§ **DESCRIPTION OF THE TASK**:
The records that follow must be repeated exactly, line by line.

§ **DATA**:
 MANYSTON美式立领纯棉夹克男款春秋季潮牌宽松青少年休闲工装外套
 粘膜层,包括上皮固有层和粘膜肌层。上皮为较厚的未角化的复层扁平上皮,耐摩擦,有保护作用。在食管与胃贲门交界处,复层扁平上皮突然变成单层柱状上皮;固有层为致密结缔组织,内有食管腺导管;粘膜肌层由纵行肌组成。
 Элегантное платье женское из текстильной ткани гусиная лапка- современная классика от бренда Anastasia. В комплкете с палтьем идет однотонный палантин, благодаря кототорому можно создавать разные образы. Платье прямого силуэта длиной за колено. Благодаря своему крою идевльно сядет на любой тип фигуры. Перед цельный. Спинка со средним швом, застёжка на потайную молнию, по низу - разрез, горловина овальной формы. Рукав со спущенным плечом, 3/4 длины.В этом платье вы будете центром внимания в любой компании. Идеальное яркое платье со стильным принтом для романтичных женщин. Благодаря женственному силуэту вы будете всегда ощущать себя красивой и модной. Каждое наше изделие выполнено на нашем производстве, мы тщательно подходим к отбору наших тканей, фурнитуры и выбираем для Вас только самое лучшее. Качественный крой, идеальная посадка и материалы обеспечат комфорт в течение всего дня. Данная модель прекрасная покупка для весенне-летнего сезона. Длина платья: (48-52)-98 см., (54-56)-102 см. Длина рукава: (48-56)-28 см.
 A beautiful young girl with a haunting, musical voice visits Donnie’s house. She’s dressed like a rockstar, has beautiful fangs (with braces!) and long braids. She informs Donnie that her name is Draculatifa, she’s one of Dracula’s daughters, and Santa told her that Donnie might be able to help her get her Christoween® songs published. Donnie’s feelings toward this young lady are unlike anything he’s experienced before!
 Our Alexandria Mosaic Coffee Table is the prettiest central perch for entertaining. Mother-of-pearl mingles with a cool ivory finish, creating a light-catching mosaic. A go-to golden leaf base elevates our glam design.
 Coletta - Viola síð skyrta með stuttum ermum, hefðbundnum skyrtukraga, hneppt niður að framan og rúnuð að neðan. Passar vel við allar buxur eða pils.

§ **EXERCISE ANSWER**:
 MANYSTON美式立领纯棉夹克男款春秋季潮牌宽松青少年休闲工装外套
 粘膜层,包括上皮固有层和粘膜肌层。上皮为较厚的未角化的复层扁平上皮,耐摩擦,有保护作用。在食管与胃贲门交界处,复层扁平上皮突然变成单层柱状上皮;固有层为致密结缔组织,内有食管腺导管;粘膜肌层由纵行肌组成。
 Элегантное платье женское из текстильной ткани гусиная лапка- современная классика от бренда Anastasia. В комплкете с палтьем идет однотонный палантин, благодаря кототорому можно создавать разные образы. Платье прямого силуэта длиной за колено. Благодаря своему крою идевльно сядет на любой тип фигуры. Перед цельный. Спинка со средним швом, застёжка на потайную молнию, по низу - разрез, горловина овальной формы. Рукав со спущенным плечом, 3/4 длины.В этом платье вы будете центром внимания в любой компании. Идеальное яркое платье со стильным принтом для романтичных женщин. Благодаря женственному силуэту вы будете всегда ощущать себя красивой и модной. Каждое наше изделие выполнено на нашем производстве, мы тщательно подходим к отбору наших тканей, фурнитуры и выбираем для Вас только самое лучшее. Качественный крой, идеальная посадка и материалы обеспечат комфорт в течение всего дня. Данная модель прекрасная покупка для весенне-летнего сезона. Длина платья: (48-52)-98 см., (54-56)-102 см. Длина рукава: (48-56)-28 см.
 A beautiful young girl with a haunting, musical voice visits Donnie’s house. She’s dressed like a rockstar, has beautiful fangs (with braces!) and long braids. She informs Donnie that her name is Draculatifa, she’s one of Dracula’s daughters, and Santa told her that Donnie might be able to help her get her Christoween® songs published. Donnie’s feelings toward this young lady are unlike anything he’s experienced before!
 Our Alexandria Mosaic Coffee Table is the prettiest central perch for entertaining. Mother-of-pearl mingles with a cool ivory finish, creating a light-catching mosaic. A go-to golden leaf base elevates our glam design.
 Coletta - Viola síð skyrta með stuttum ermum, hefðbundnum skyrtukraga, hneppt niður að framan og rúnuð að neðan. Passar vel við allar buxur eða pils.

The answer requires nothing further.